Car les industriels du médicament s'inquiète d'une pression accrue avec un modèle de plus en plus axé sur le remboursement au résultat, c'est-à-dire des traitements couverts chez les patients chez lesquels les ils seront efficaces.
"Nous savons que les payeurs vont évaluer la valeur de nos produits par rapports aux autres traitements sur le marché pour les décisions de remboursement", expose ainsi Novartis à La Tribune.

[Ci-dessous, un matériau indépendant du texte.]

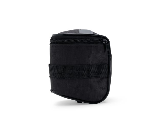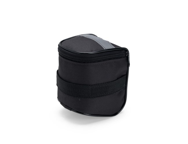 Bolsa para selim de bicicleta, de compartimento único e confeccionada em Oxford impermeável. Conta com uma tira externa reflexiva costurada para maior visibilidade no trânsito e alças de nylon com fechamento ajustável em velcro.

En France, par exemple, le service médical rendu (SMR) est là pour mesurer "l'efficacité et l'utilité des médicaments vendus en France" en prenant également en compte la gravité de la maladie. Il est évalué par la Commission de transparence de la Haute Autorité de santé (d'efficacité majeure à insuffisante en passant par modérée) déterminant le taux de remboursement de la molécule ou son non remboursement. Mais les autorités de santé pourraient bien serrer la vis à l'avenir. Un rapport d'une des conseillères de la direction de la Caisse nationale d'Assurance maladie préconise un taux de remboursement unique. Certains médicaments peu remboursés (15 et 30%) risque de ne plus l'être dans le futur.
Et aux Etats-Unis, "les mutuelles sont en train de fusionner, comme le rappelle Marc-André Audisio, associé responsable du secteur Sciences du Vivant au sein du département Transaction Advisory Services chez EY, elles font pression sur le remboursement des produits".